------ Material to process
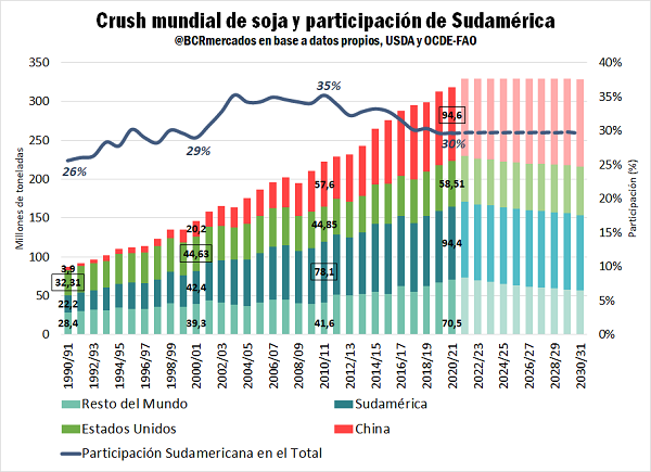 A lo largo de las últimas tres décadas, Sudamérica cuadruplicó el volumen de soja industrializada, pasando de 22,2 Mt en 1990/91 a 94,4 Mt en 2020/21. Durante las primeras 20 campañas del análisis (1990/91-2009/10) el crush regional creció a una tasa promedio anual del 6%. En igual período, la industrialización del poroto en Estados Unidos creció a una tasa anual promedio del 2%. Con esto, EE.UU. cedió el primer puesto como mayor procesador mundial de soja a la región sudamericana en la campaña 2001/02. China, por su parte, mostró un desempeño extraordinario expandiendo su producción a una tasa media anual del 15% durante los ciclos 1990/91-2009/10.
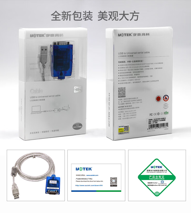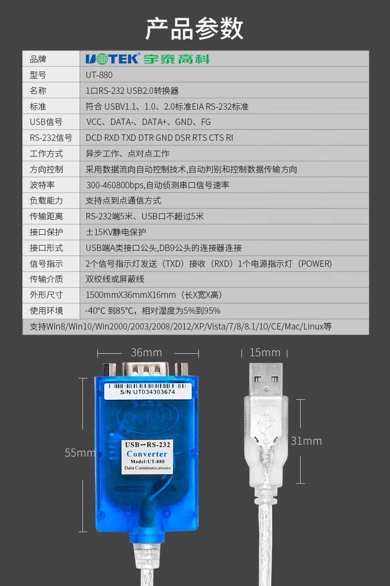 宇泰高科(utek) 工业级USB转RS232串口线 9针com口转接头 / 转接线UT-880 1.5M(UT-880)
------------
------ Material to process
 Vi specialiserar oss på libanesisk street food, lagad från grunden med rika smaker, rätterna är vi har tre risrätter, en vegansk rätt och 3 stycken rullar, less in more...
------------
- Task instructions:
Each line from the one that contains "A lo largo de" down to the one that contains "宇泰高科(utek) 工业级USB转RS232串口线 9针com口转接头" is to be returned exactly as it stands above, both ends included, with pictures removed.

- Response for this exercise:
 A lo largo de las últimas tres décadas, Sudamérica cuadruplicó el volumen de soja industrializada, pasando de 22,2 Mt en 1990/91 a 94,4 Mt en 2020/21. Durante las primeras 20 campañas del análisis (1990/91-2009/10) el crush regional creció a una tasa promedio anual del 6%. En igual período, la industrialización del poroto en Estados Unidos creció a una tasa anual promedio del 2%. Con esto, EE.UU. cedió el primer puesto como mayor procesador mundial de soja a la región sudamericana en la campaña 2001/02. China, por su parte, mostró un desempeño extraordinario expandiendo su producción a una tasa media anual del 15% durante los ciclos 1990/91-2009/10.
 宇泰高科(utek) 工业级USB转RS232串口线 9针com口转接头 / 转接线UT-880 1.5M(UT-880)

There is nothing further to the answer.